Stupid question: if you think it's a good idea but don't know when the price will go up, you just buy stock and wait. But if you think it's a bad idea and don't know when the price will go down, is there any long-term alternative to shorting that doesn't require betting on the date?

[–] onlinepersona@programming.dev 4 points 6 hours ago (1 children)

That's a good question I dont have an answer to. Maybe there are ways to short where you can just hold, but I dont know how. Maybe there's a way to borrow lots of RAM and GPUs, sell them, then buy them back when the price drops and sell them for cheap back to whom you borrowed. But I dont know who would make that deal.

[–] TotallyHuman@lemmy.ca 2 points 1 hour ago

You can hold a short position by repeatedly borrowing more stock -- but you run the risk of running out of money completely, because short positions have (theoretically) infinite downside risk.

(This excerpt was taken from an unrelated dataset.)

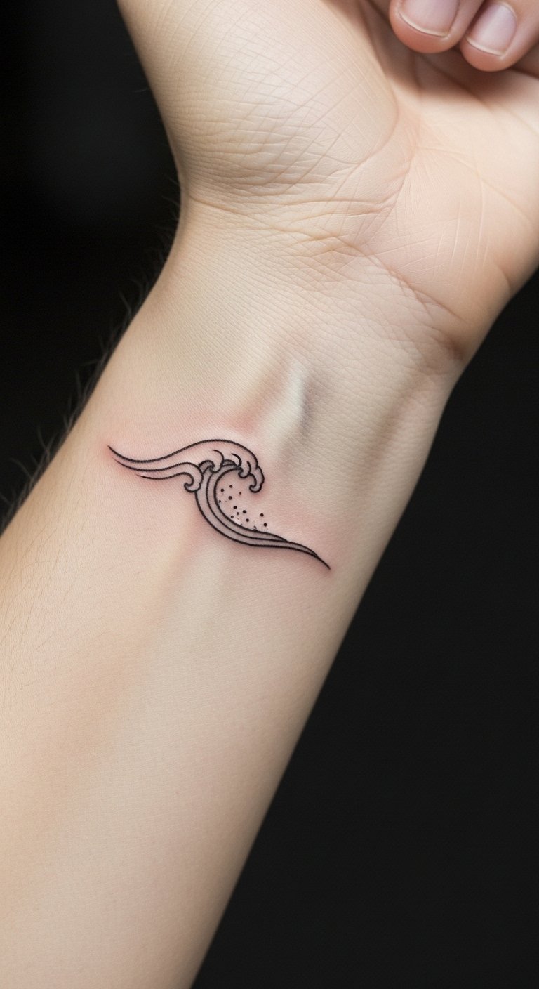 Wrist wave tattoos stay hidden yet meaningful. They fit under watches or sleeves. Bold these words: wrist waves. Measure your wrist and sketch fits. This DIY is quick. Local spots often have deals for small tattoos. These designs add quiet style. Practice with wristbands for placement.
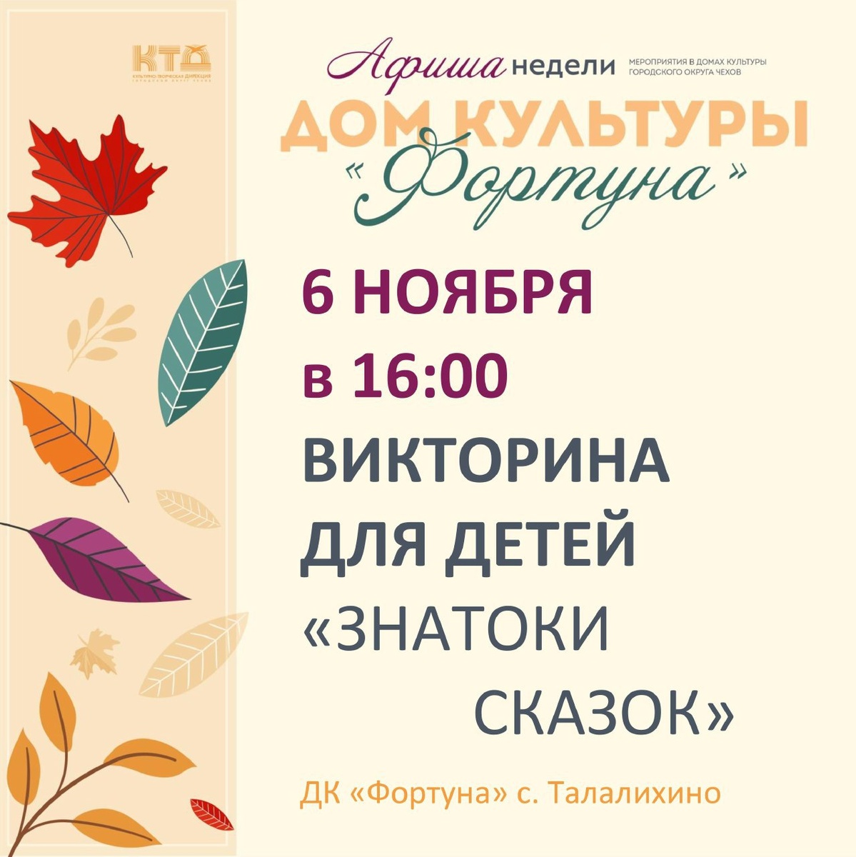 💥 Афиша на неделю ДК «Фортуна» г.о. Чехов Афиша мероприятий с 4 по 10 ноября. 🚫 Возраст: 0+ 📆 06.11.2024 🕕 16:00 🏢 ДК «Фортуна» 📍 г.о. Чехов, с. Талалихино, ул. Спортивная, д.20 🪙 Стоимость билетов - Бесплатно❗️ #ДКФортуна #Талалихино #КТД #ГоспабликиМО #ГородскойОкругЧехов

[–] TotallyHuman@lemmy.ca 3 points 1 hour ago

If you imagine it like making a bet, nobody's going to take a bet with you where they pay you when it pops, but there's no time after which you pay them -- because they'd never get any money out of that bet. Buying stock is different because it's a thing you can own, but you can't invest in the idea of something failing, because there isn't any business which will take your money and make something more likely to fail.

You could buy every stock except AI-related stocks, which I believe is functionally equivalent to buying an index fund and shorting AI stocks based on the percentage of AI stocks in the index fund. You could also think about what businesses would do well (or less poorly) in the case of an AI-instigated crash, and then buy those.